Los Angeles lawyer George Kieffer, a local spokesman for Grodin’s campaign, said the justice’s political advisers want to portray Grodin as “the judge’s judge . . . someone who is admired by people who are pillars of the community, including some who may not agree with his philosophy.”

Kieffer pointed out that Republican Gov. George Deukmejian, an outspoken critic of Bird, voted more than once to approve Grodin’s nomination--first to the state Court of Appeal in 1979 and three years later to the Supreme Court. Deukmejian cast his votes while he was attorney general and a member of the state Commission on Judicial Appointments. Deukmejian has not said whether he favors Grodin’s reelection. Nor has he said how he feels about the reelection of Reynoso or Mosk.

Neither Grodin nor Reynoso claims to enjoy campaigning and, after about three months on the stump, both still sound ill at ease in front of a microphone.

Range of Material

Reynoso can deliver an entire speech without mentioning the Supreme Court election, choosing instead to talk about how he met his wife, or wondering aloud why his alma mater, Pomona College, decided to name its athletic teams the “Sage Hens,” or shyly boasting about the time, as a boy in Orange County, he persuaded local postal authorities to deliver his family’s mail to their remote farmhouse.

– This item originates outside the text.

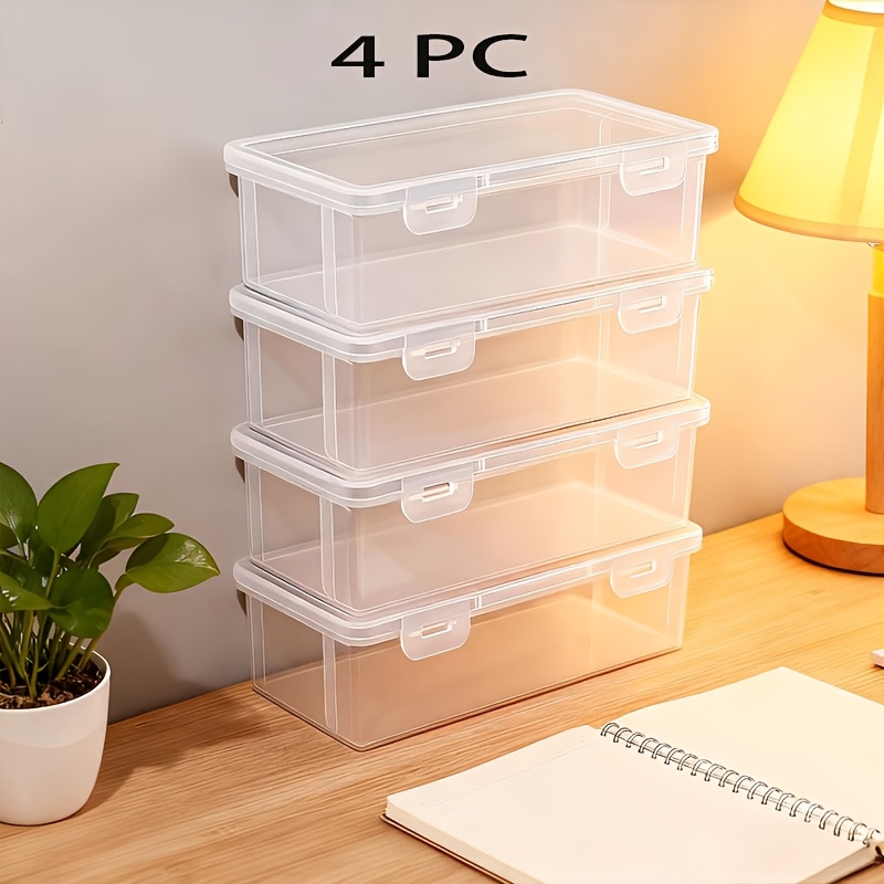 TEMU 안전 뚜껑이 있는 대형 투명 보관 상자 4개 | 사무실, 학교 용품, 마커, 연필, 공예 보관에 적합, 쌓을 수 있음, 명확하게 보임, 단단하게 닫힘, 가벼운 디자인, 쉽게 볼 수 있는 재질, 플라스틱 재질

Born in Oakland and reared in the East Bay, Grodin has a genial, professorial manner. He has written books about the law and, like Reynoso, has been a member of a law school faculty. Grodin taught at Hastings Law School in San Francisco, Reynoso at the University of New Mexico. Although they do not hesitate to draw distinctions between themselves and Bird, both Grodin and Reynoso say they do not enjoy doing it.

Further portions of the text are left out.